Is it possible to install theses softs under FreeBSD :
01- Wolfram Mathematica
02- Castem 2000
?


----------



## grahamperrin@ (Dec 22, 2021)

Wolfram Mathematica: Modern Technical Computing









						Solved - FreeBSD 13.0 runs Mathematica 11+ fully GL accelerated / nVidia
					

To date, Wolfram says only RedHat, UBUTNU, Linuxes work.  No google search turns up affirmation Mathematica runs on FreeBSD with accelerated GL.  * I have an nVidia GTX 1050 gaming card.  I installed FreeBSD 13 xorg and linux-c7 and nvidia-driver firefox related packages (no desktop installed...




					forums.freebsd.org


----------



## shkhln (Dec 22, 2021)

grahamperrin said:


> Solved - FreeBSD 13.0 runs Mathematica 11+ fully GL accelerated / nVidia
> 
> 
> To date, Wolfram says only RedHat, UBUTNU, Linuxes work.  No google search turns up affirmation Mathematica runs on FreeBSD with accelerated GL.  * I have an nVidia GTX 1050 gaming card.  I installed FreeBSD 13 xorg and linux-c7 and nvidia-driver firefox related packages (no desktop installed...
> ...


You do realize the author of that thread is most likely _literally_ insane? Don't poke him.


----------



## belgacem (Dec 22, 2021)

shkhln said:


> You do realize the author of that thread is most likely _literally_ insane?
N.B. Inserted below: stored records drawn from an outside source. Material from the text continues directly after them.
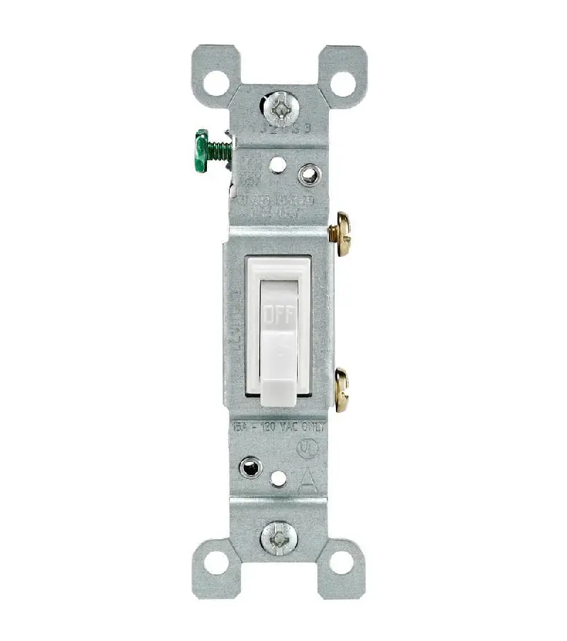 This is the most common type of switch found in homes and it is used to control one device such as a light fixture, electric outlet, or garbage disposal system. On the side, you can see two screw terminals excluding the green grounding screw terminal.
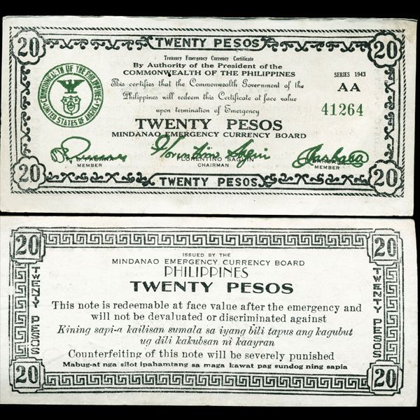 1943 WW2 Guerrilla Rebel Philippines 20P Note Mindinao (CUR-07305)
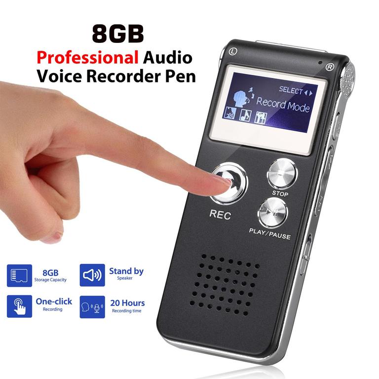 8GB Digital Voice Recorder with Time Display and MP3 Playback
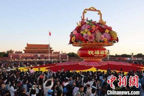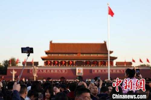 1日清晨,30.2万名民众齐聚天安门广场观看升旗仪式,庆祝中华人民共和国成立74周年。
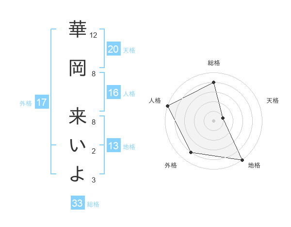 華岡 来いよさんを姓名の画数から五運を鑑定
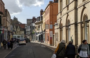 Castle Street is one of the busy streets in the town centre of Cirencester; it has a good mix of coffee shops, restaurants, clothes shops and so forth. Leading west from the Market Place, it becomes the old main road to Tetbury and Stroud, and eventually to Bristol and Bath. The fine, Palladian facade on the right is currently Lloyds Bank, but was once the private town house of a wealthy merchant.
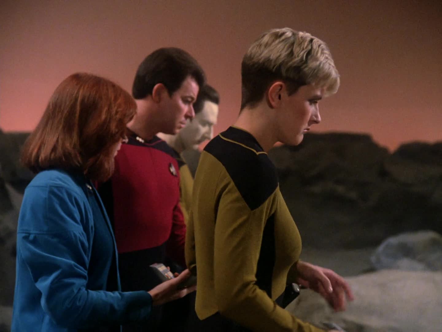 Cast: Patrick Stewart, Jonathan Frakes, Brent Spiner, LeVar Burton, Michael Dorn
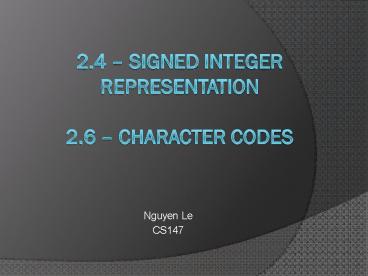 2'4 Signed integer representation 2'6 Character codes PowerPoint PPT Presentation
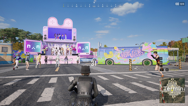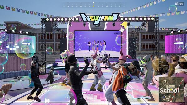 태이고 맵은 좀 더 특별한 구성으로 뉴진스 콜라보레이션을 준비했다. 스쿨 지역 운동장에는 뉴진스 무대가 상시로 배치되고, 주요 거점 건물마다 쥬크박스를 설치해 게임 유저는 물론 팬들까지도 함께 즐길 수 있는 공간을 마련했다.

Don't poke him.


I am not insane.


----------



## jbo (Dec 22, 2021)

belgacem welcome to the FreeBSD community forums!



belgacem said:


> I am not insane.


That was most likely not addressed towards you but the author of the thread that grahamperrin linked.
shkhln would you care to elaborate?


----------



## shkhln (Dec 22, 2021)

jbodenmann said:


> shkhln would you care to elaborate?


Do I have to? Everything you need is already easily accessible.


----------



## jbo (Dec 22, 2021)

shkhln said:


> Do I have to? Everything you need is already easily accessible.


You certainly don't have to.


----------